Exercise prompt:
Take the line with "双子池から雨池とめぐりRW利" as the first and the last line of the data as the end. Write out both and every line between exactly, except pictures.

Raw data:
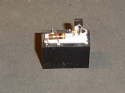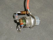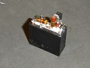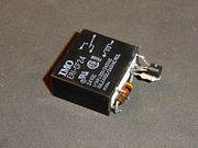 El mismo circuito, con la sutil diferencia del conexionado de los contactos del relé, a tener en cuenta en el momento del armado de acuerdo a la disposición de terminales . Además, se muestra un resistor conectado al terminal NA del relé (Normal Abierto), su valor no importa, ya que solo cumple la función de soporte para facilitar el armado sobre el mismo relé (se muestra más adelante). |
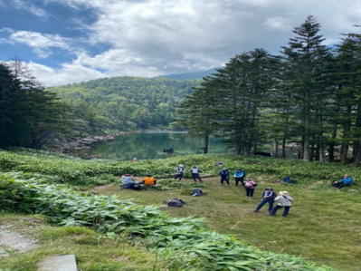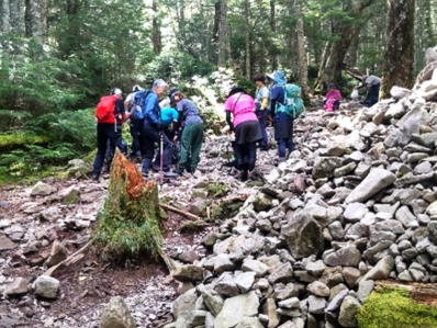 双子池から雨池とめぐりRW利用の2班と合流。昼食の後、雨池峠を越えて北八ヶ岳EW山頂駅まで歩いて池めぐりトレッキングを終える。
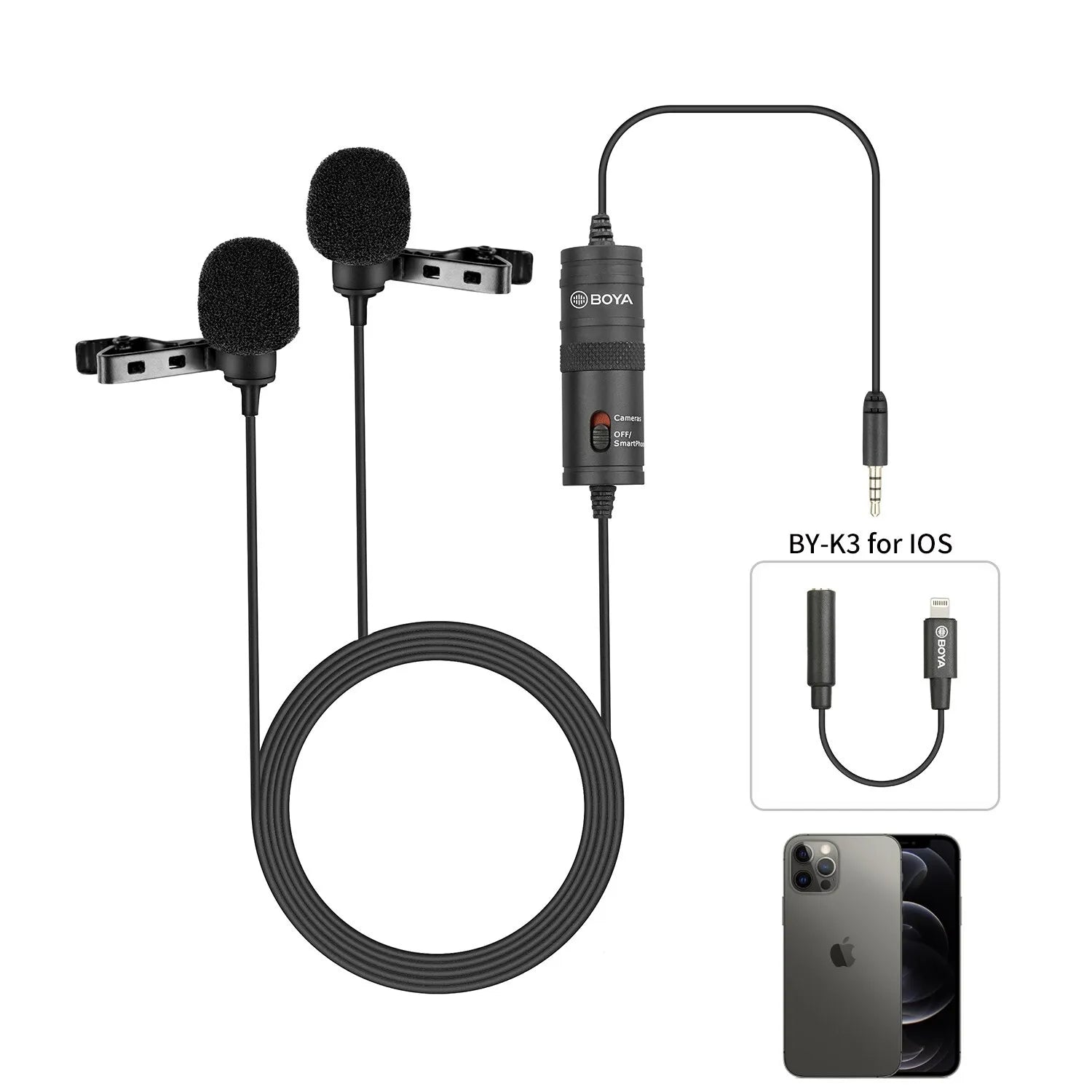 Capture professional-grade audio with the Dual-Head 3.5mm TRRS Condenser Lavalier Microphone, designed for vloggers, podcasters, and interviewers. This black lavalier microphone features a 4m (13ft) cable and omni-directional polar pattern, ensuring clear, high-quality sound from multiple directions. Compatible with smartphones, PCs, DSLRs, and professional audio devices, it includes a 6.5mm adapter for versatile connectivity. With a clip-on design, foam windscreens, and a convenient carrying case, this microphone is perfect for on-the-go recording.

Response box:
 双子池から雨池とめぐりRW利用の2班と合流。昼食の後、雨池峠を越えて北八ヶ岳EW山頂駅まで歩いて池めぐりトレッキングを終える。
 Capture professional-grade audio with the Dual-Head 3.5mm TRRS Condenser Lavalier Microphone, designed for vloggers, podcasters, and interviewers. This black lavalier microphone features a 4m (13ft) cable and omni-directional polar pattern, ensuring clear, high-quality sound from multiple directions. Compatible with smartphones, PCs, DSLRs, and professional audio devices, it includes a 6.5mm adapter for versatile connectivity. With a clip-on design, foam windscreens, and a convenient carrying case, this microphone is perfect for on-the-go recording.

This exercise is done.